The case in question
Zambian man Likumbo Makasa entered Australia on a student visa in 2001 before being granted permanent residency in 2004.
Makasa, a father who is now in his thirties, was first threatened with deportation after being convicted of three counts of having sexual intercourse with a person aged between 14 and 16 in 2006 when he was aged 22.
But immigration authorities’ bid to cancel Makasa’s visa failed on appeal when the Administrative Appeals Tribunal (AAT) in 2013 ruled it would not be in his children’s best interests to have him deported.
Under changes to Section 501 introduced in 2014, a person’s visa must be cancelled if a person is sentenced to a term of imprisonment of 12 months or more, is convicted of a sexual crime against a child, and is serving a sentence of imprisonment on a full-time basis, but those changes did not impact Makasa.

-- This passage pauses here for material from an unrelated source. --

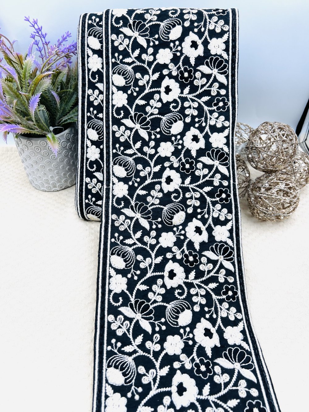 Galon brodé extra-large noir à fleurs ivoire, chic et contrasté pour vos créations couture, déco ou accessoires. Également disponible en bleu intense, turquoise, écru, gris, rose et lavande.

Makasa was then back before a New South Wales court in 2017 on charges including drink driving. He was convicted of breaching his reporting obligations by failing to disclose he downloaded a social media app to communicate with his daughter and was fined $300. He was also fined $1,200 for drink driving and disqualified from driving for 12 months.
Immigration authorities then threatened to cancel his permanent residency visa for a second time, arguing that Mr Makasa failed the character test because of the 2009 sentence and the additional 2017 convictions.

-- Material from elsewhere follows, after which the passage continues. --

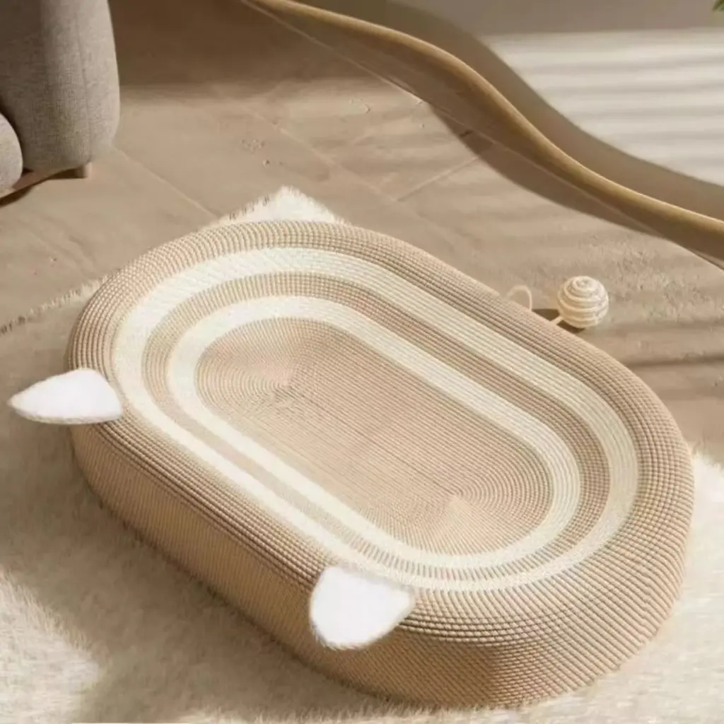 爪を研ぐ用途はもちろん、休憩スペースや遊び場としても活躍する万能なスクラッチパッドです。

But the High Court ruled the 2009 sentence couldn’t be brought into the argument.
‘Power move’ denied
Lawyer Michael Doyle, who represented Makasa, said it was clearly a case of where the Department of Home Affairs sought to overstep its powers.
“The obvious decision that needed to be made has been made,” he told SBS News.
“The significance is that it is putting the department in a position where they should not be looking into the past where they have already had an attempt to cancel someone’s visa and that cancellation has been overturned, and then try to have another attempt at cancelling a person’s visa for the same reasons.”
Lawyer and Human Rights For All director principal Alison Battisson said the finding was “another example of a situation in which the Minister of Home Affairs refuses to accept limitations on his powers”.
“The minister clearly appealed to the High Court to fight for as broad powers as possible to cancel visas, which can lead to detention and deportation, including in circumstances in which other decision-makers have made reasoned decisions not to cancel a visa,” she said.
“The High Court, through Makasa, has clearly stated that the minister’s powers are limited.”
Barrister Dr Jason Donnelly, who acted as co-counsel for Makasa’s High Court case said a potential important implication of the judgment is that if the minister wishes to overturn a decision of his or her delegate or a decision of the Administrative Appeals Tribunal, the minister will need to act personally and demonstrate the decision is in the ‘national interest’.
“Generally, a national interest decision attracts greater accountability by reporting obligations to Parliament and, by implication, greater awareness of the minister’s decision-making process by the Australian media and public.”
The Home Affairs Department has been contacted for comment.